O Tarifaço já começou — mas Brasília ainda está em reunião
Haddad propõe crédito emergencial, mas mercado já sangra US$ 7 bi
Enquanto Washington carrega no imposto, Brasília responde com powerpoints e promessas. A tarifa de 50% dos EUA sobre produtos brasileiros é um meteoro anunciado — e o governo Lula, ao que tudo indica, preferiu olhar pro céu, rezar pra passar de lado e convocar um comitê. Emergencial, claro. Como tudo que ninguém planeja.
Fernando Haddad, com sua placidez monetária, ensaiou um combo: crédito emergencial, apoio a empresários e... esperar. Isso mesmo: esperar pra ver se dá ruim. Enquanto isso, bilhões de dólares fogem do país, bancos se posicionam como quem se protege de tempestade, e o agronegócio assiste à cena com a cara de quem pediu filé e recebeu salsicha.

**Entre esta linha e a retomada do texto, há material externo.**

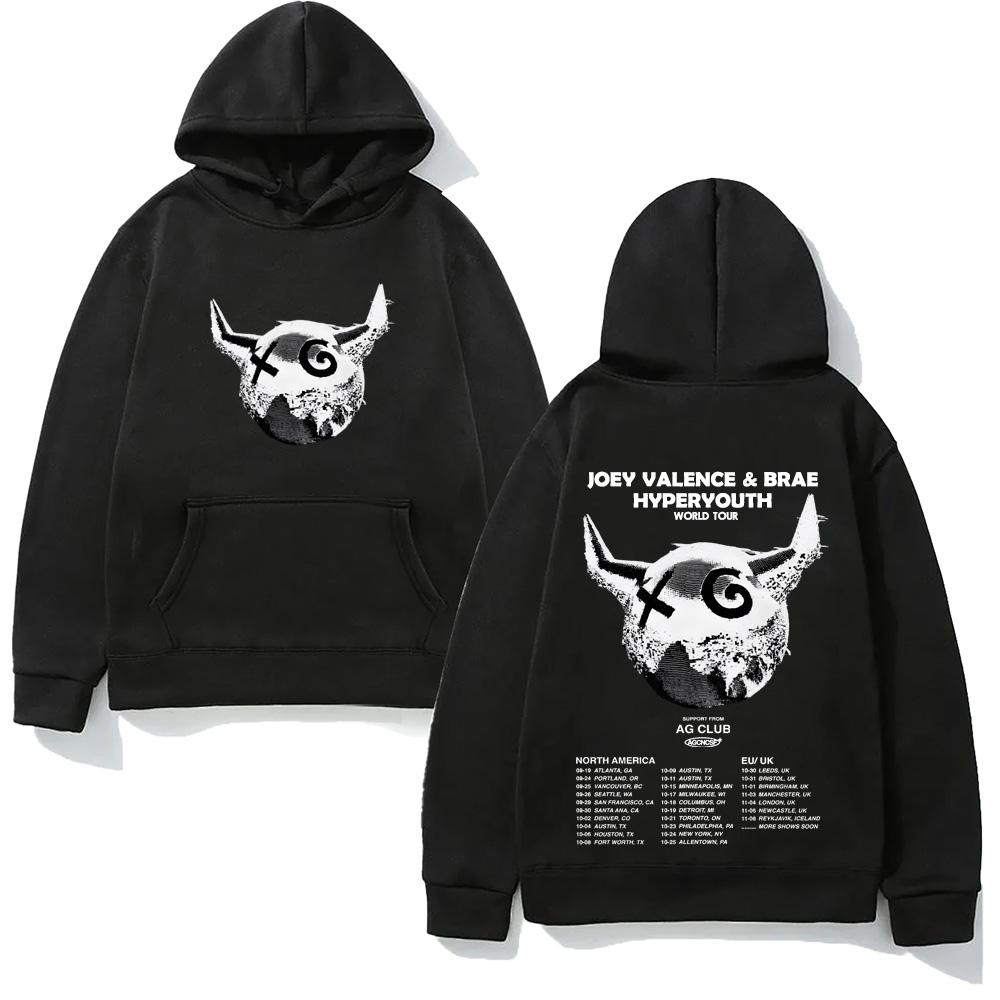Joey Valence 2025TOUR Mode Kapuzenpullover mit Tasche Grunge Bequeme Sweatshirts Langarm Gothic Kleidung Moletom Punk Weicher Kapuzenpulli

O câmbio já sentiu o baque. Até 23 de julho, o Brasil já sangrava mais de 7 bilhões em saídas financeiras — e os bancos, ah, esses sabem das coisas: estão vendidos em US$ 26,7 bilhões, um sinal de que apostam na valorização do dólar. Alguém aí viu o Banco Central? Deve estar atrás de um hedge espiritual com Copom.
No campo diplomático, a reação foi digna de um filme de comédia romântica: “Não faz isso, Joe, a gente é parceiro!”. Só faltou o Brasil mandar flores. A verdade é que não houve ação séria na OMC, nem costura política global para barrar a medida. E agora, corremos pra buscar novos mercados em cima da hora, como quem perde o voo e tenta remar até a Europa.

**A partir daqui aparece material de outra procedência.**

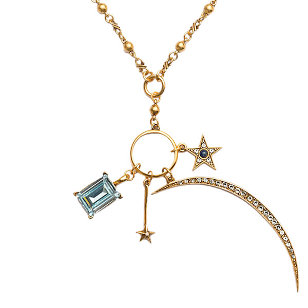The charm pendant necklace is one of our favorite jewelry trends, and this piece is a perfect example of why. With a collection of friendly charms, like stars and a crescent moon (in semi-precious lapis lazuli and Swarovski crystals), you can wear this 22k gold-dipped necklace every day and not get bored of it. Layer it with other necklaces to add even more personality to your look.
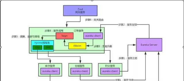 好!有了业务场景之后,咱们就一起来看看Spring Cloud微服务架构中,这几个组件如何相互协作,各自发挥的作用以及其背后的原理。

Mas há esperança! Sempre há. O governo estuda adiar tributos, abrir linhas de crédito (com juros "baixos") e até montar feiras comerciais em lugares que nunca ouviram falar da nossa castanha. É o “Plano Safra do Desespero”, com pitadas de improviso e cheiro de retrabalho. Enquanto isso, a Fiesp segue batendo palmas — ou batendo cabeça.
Não que os empresários estejam calados. Estão gritando, mas em português, que Washington não entende. Pedem previsibilidade, proteção e — principalmente — que o governo saiba em que mundo vive. Mas Brasília, como sempre, mistura diplomacia com feijoada e acha que tudo se resolve com um grupo de WhatsApp interministerial.

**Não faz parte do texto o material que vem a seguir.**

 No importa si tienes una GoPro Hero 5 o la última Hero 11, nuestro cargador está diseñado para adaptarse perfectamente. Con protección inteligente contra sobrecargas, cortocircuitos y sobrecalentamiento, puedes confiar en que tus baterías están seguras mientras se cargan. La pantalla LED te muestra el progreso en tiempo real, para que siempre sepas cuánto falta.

No fundo, o Brasil age como aquele aluno que deixa o trabalho pra véspera: corre, imprime errado, chega suando, mas jura que estava tudo sob controle. Dia 1º de agosto vai ser a entrega do boletim — e, pelo visto, o nosso governo esqueceu o estojo, perdeu o livro e ainda não entendeu que o professor agora cobra em dólar.